Retype word for word the stretch of entries below from the line that has "港股异动丨金价跳水拖累黄金股普跌,赤峰黄金跌超3%" through the line that has "Сбор аудитории на", and omit the pictures.

◆ Record set

Content starts

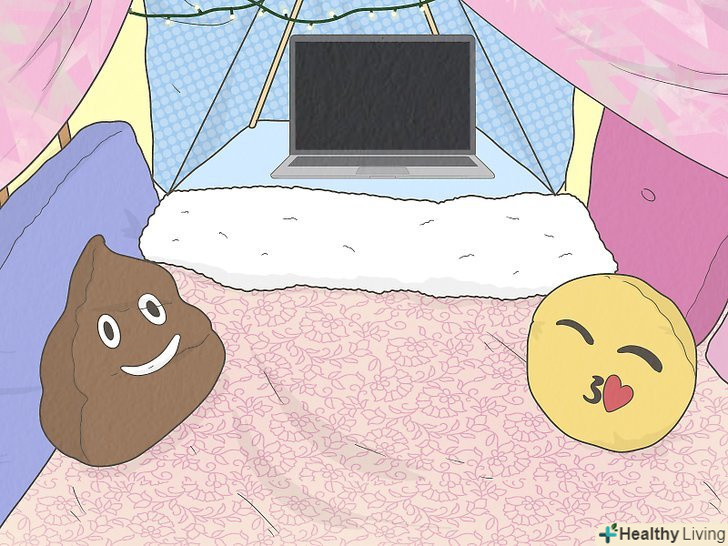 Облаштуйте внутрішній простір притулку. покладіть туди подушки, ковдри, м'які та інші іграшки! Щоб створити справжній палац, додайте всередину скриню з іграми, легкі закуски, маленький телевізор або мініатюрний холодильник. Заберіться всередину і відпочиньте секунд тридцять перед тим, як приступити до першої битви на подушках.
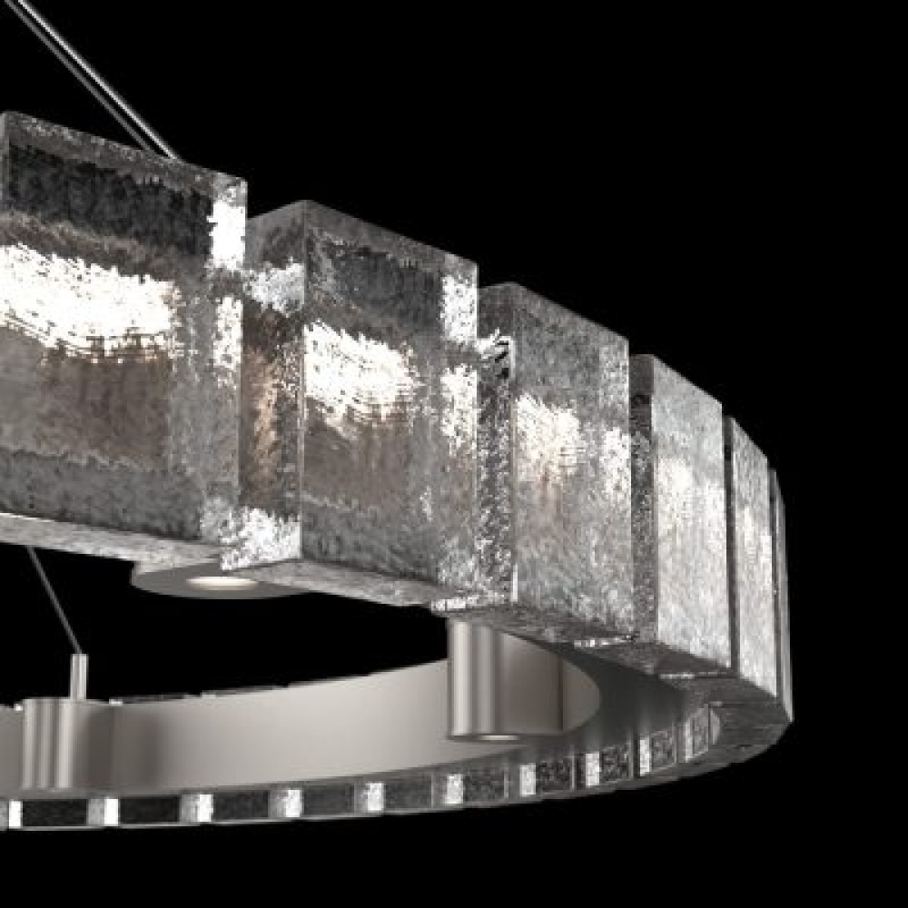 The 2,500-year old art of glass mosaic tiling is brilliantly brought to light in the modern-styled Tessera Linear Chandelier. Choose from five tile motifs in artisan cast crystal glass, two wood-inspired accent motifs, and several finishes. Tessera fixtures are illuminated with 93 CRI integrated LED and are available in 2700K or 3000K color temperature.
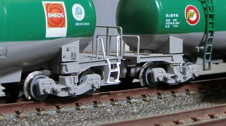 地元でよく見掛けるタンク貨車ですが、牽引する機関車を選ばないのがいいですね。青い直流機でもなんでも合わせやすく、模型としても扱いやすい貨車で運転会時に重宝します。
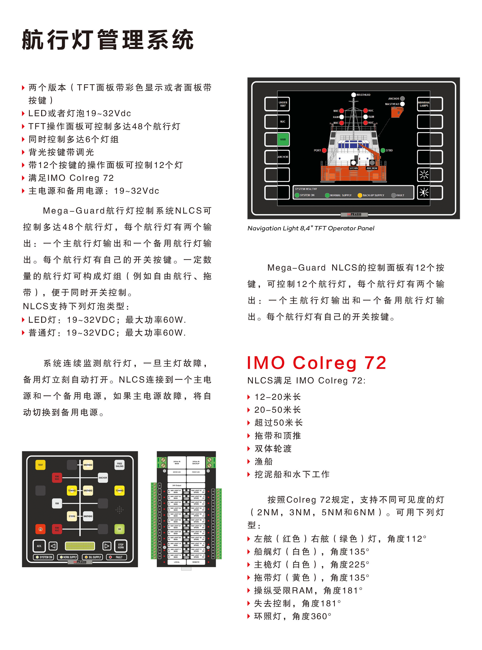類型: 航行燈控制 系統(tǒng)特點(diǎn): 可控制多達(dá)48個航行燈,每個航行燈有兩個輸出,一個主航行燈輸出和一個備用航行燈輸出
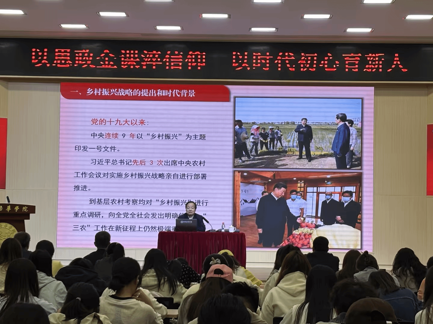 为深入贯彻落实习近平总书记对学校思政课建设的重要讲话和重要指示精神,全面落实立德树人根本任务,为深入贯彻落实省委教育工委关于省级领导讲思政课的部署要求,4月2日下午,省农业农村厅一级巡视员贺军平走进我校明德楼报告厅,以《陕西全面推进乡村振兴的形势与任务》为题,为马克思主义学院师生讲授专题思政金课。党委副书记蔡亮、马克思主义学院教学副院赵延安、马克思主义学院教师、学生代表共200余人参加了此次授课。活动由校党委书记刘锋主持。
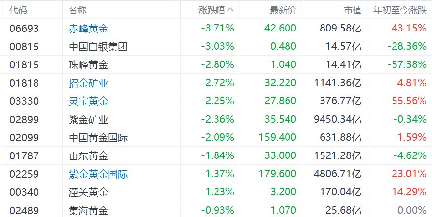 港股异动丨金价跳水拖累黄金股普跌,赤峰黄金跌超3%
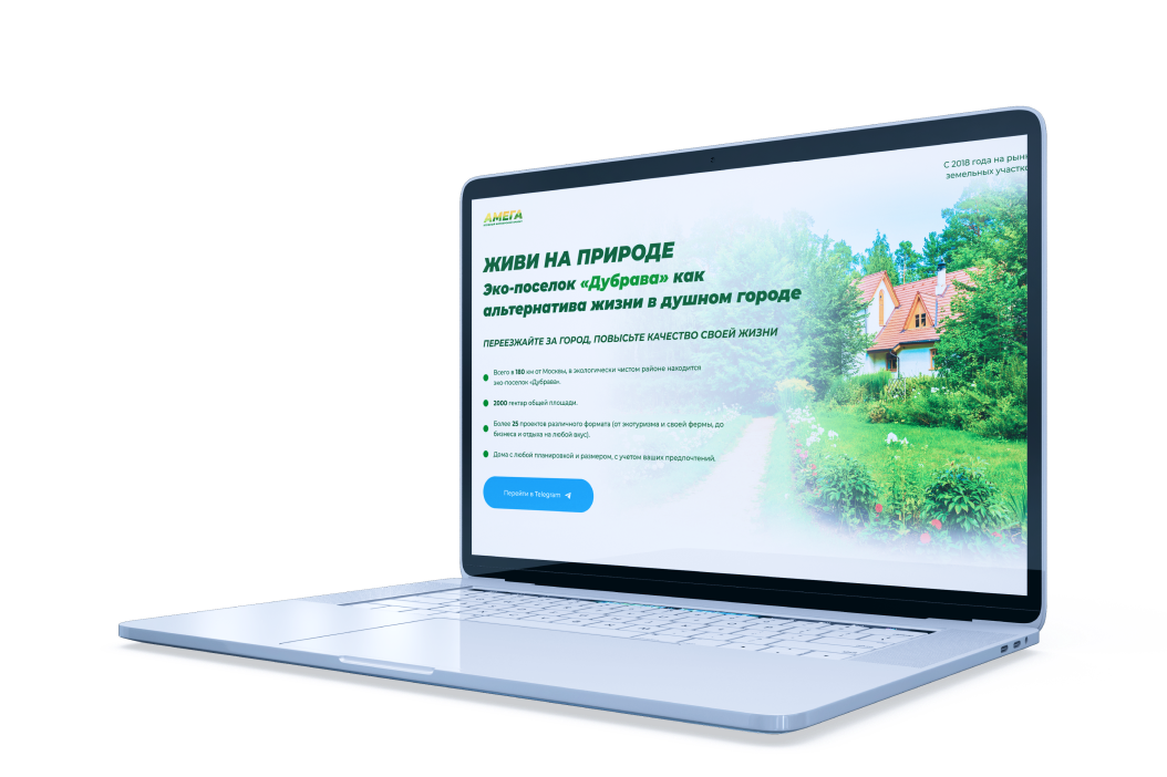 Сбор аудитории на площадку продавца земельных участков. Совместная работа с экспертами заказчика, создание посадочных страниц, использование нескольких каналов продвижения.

Content ends
Content starts

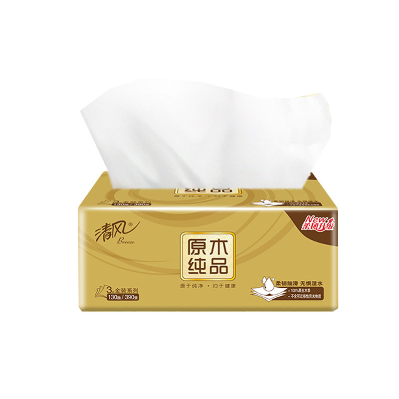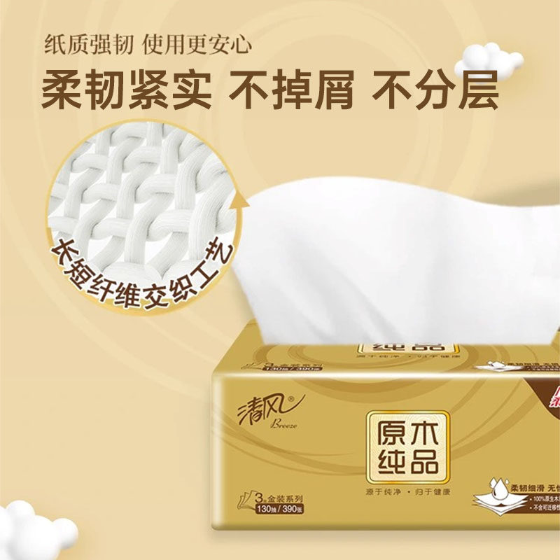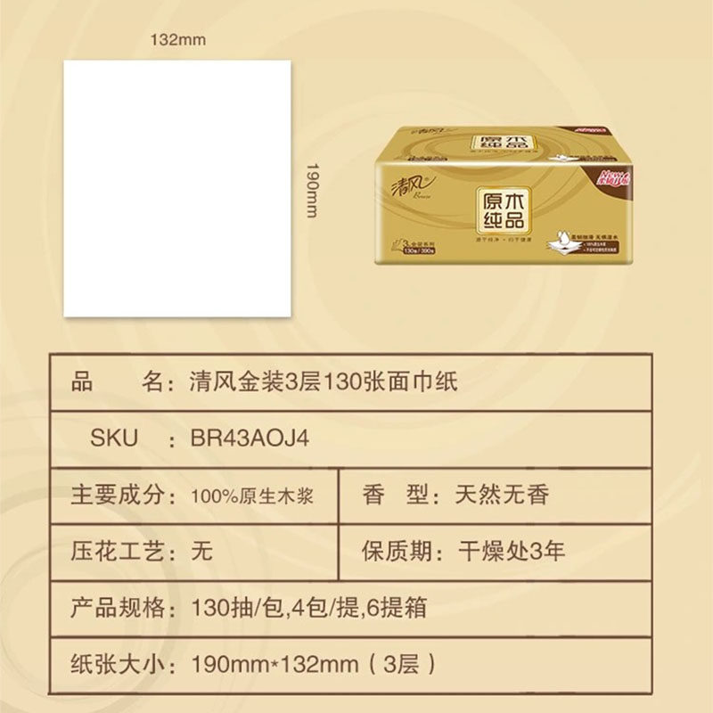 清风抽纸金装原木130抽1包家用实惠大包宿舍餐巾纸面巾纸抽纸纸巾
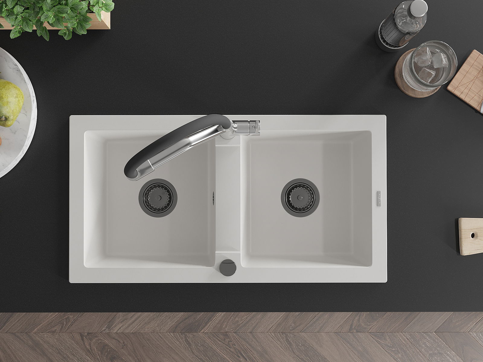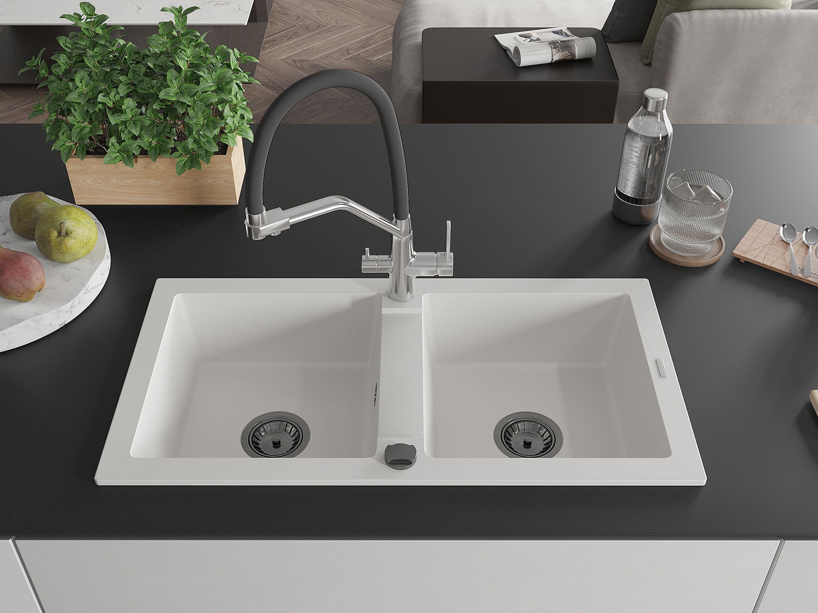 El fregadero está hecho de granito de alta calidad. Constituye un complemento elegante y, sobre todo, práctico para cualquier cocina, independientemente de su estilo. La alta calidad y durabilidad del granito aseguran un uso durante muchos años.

Content ends
Content starts

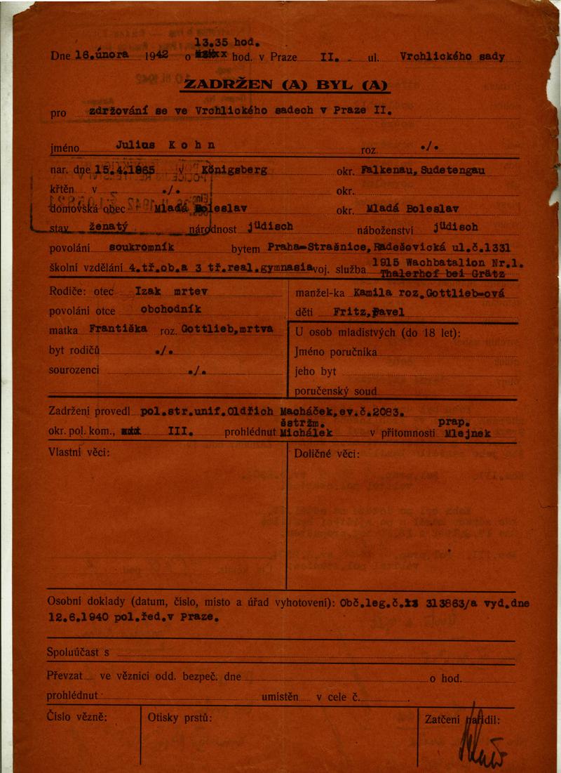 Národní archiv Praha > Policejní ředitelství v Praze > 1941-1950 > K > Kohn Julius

Content ends

◆ Task result
 港股异动丨金价跳水拖累黄金股普跌,赤峰黄金跌超3%
 Сбор аудитории на площадку продавца земельных участков. Совместная работа с экспертами заказчика, создание посадочных страниц, использование нескольких каналов продвижения.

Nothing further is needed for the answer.